[Start of Attachment]
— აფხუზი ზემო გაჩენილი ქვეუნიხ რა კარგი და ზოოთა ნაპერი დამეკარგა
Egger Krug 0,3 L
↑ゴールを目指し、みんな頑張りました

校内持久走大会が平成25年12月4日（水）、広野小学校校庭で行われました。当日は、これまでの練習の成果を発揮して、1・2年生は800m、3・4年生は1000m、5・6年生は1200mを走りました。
[End of Attachment]
[Start of Attachment]
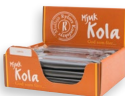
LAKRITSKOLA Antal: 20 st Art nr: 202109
[End of Attachment]
[Start of Attachment]
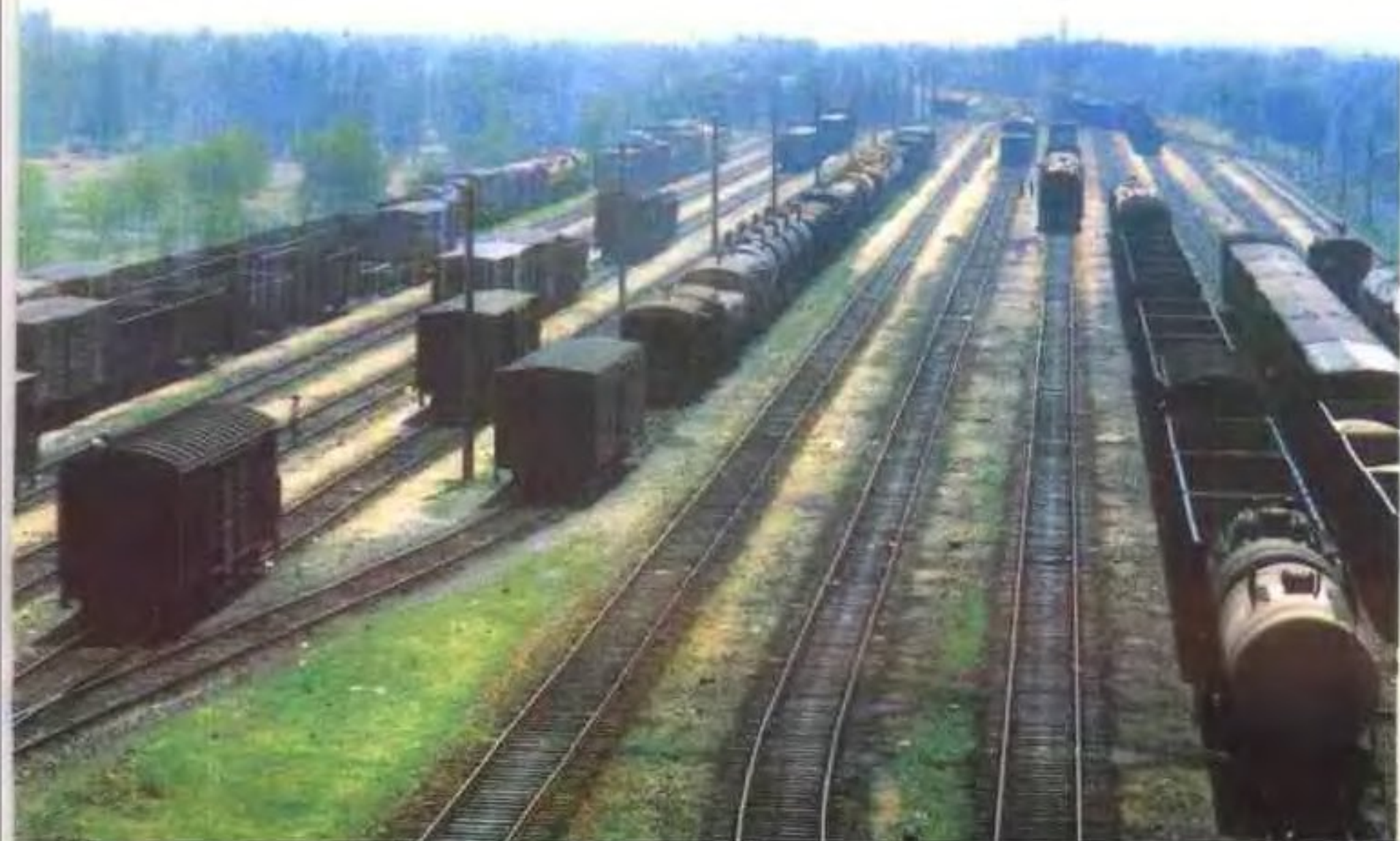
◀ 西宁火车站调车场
[End of Attachment]
* **TASK DESCRIPTION**:
Only one stretch of the entries above is wanted: the lines from the one containing "ზოოთა ნაპერი დამეკარგა" through the one containing "校内持久走大会が平成25年1". Please reproduce it exactly.

* **OUTPUT FOR THIS TASK**:
— აფხუზი ზემო გაჩენილი ქვეუნიხ რა კარგი და ზოოთა ნაპერი დამეკარგა
Egger Krug 0,3 L
↑ゴールを目指し、みんな頑張りました

校内持久走大会が平成25年12月4日（水）、広野小学校校庭で行われました。当日は、これまでの練習の成果を発揮して、1・2年生は800m、3・4年生は1000m、5・6年生は1200mを走りました。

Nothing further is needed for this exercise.